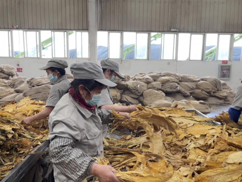 陆良复烤厂是当地有名的工厂,建厂30多年,每年解决上千人的就业,仅仓储分选车间的一个分选房就有250多名分选工人,其中80%为周边农村留守妇女,她们熟练地分拣烟叶,紧张有序地完成这一批次的分选任务。
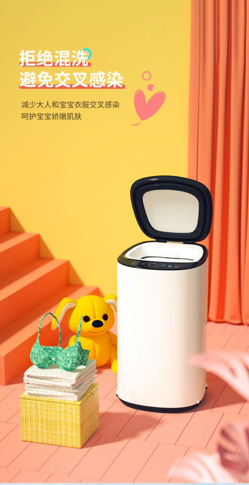 지제 꼬마 노랑 오리 3.5kg 아기 자동 세탁기 미니 가정용 고온 살균 세탁 건조
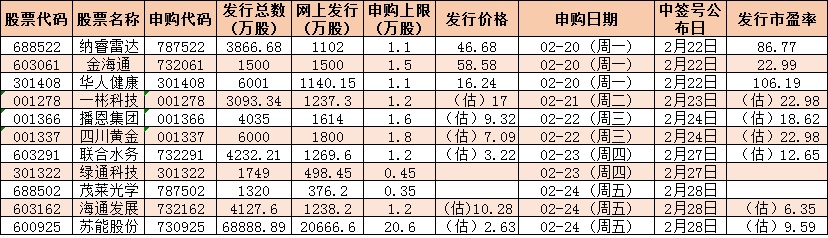 根據發行安排,下周(2月20日-24日)有11只新股發行。其中,滬市主板有4只,深市主板有3只,科創板和創業板各有2只。
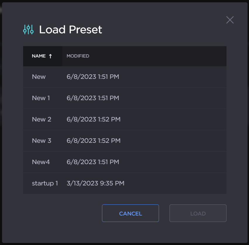 To load an existing preset into the current session, click the vertical ellipsis menu in the preset row and click Load.
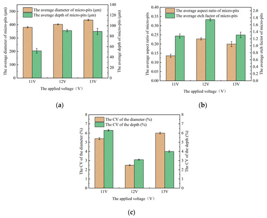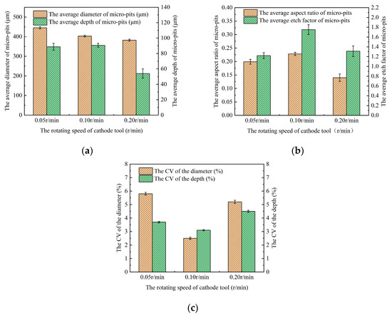- The optimal electrochemical machining parameters are 0.5 wt% C6H5Na3O7 + 10 wt% NaNO3 mixed electrolyte, a 12 V applied voltage, and a 0.1 r/min rotating speed of the cathode tool; we ascertained this through the comparative analysis of the geometric morphology and geometric size distribution of the micro-pit arrays under the corresponding process parameters. Under these conditions, the machined micro-pit arrays achieved a diameter of 405.85 ± 9.45 μm, a depth of 87.5 ± 8.5 μm, an average aspect ratio of 0.22, an average EF of 1.67, the CV of the diameter of 0.01, and the CV of the depth of 0.06.

WHAT TO WORK ON: Restate the data word for word while omitting each picture.

FINAL ANSWER:
 陆良复烤厂是当地有名的工厂,建厂30多年,每年解决上千人的就业,仅仓储分选车间的一个分选房就有250多名分选工人,其中80%为周边农村留守妇女,她们熟练地分拣烟叶,紧张有序地完成这一批次的分选任务。
 지제 꼬마 노랑 오리 3.5kg 아기 자동 세탁기 미니 가정용 고온 살균 세탁 건조
 根據發行安排,下周(2月20日-24日)有11只新股發行。其中,滬市主板有4只,深市主板有3只,科創板和創業板各有2只。
 To load an existing preset into the current session, click the vertical ellipsis menu in the preset row and click Load.
- The optimal electrochemical machining parameters are 0.5 wt% C6H5Na3O7 + 10 wt% NaNO3 mixed electrolyte, a 12 V applied voltage, and a 0.1 r/min rotating speed of the cathode tool; we ascertained this through the comparative analysis of the geometric morphology and geometric size distribution of the micro-pit arrays under the corresponding process parameters. Under these conditions, the machined micro-pit arrays achieved a diameter of 405.85 ± 9.45 μm, a depth of 87.5 ± 8.5 μm, an average aspect ratio of 0.22, an average EF of 1.67, the CV of the diameter of 0.01, and the CV of the depth of 0.06.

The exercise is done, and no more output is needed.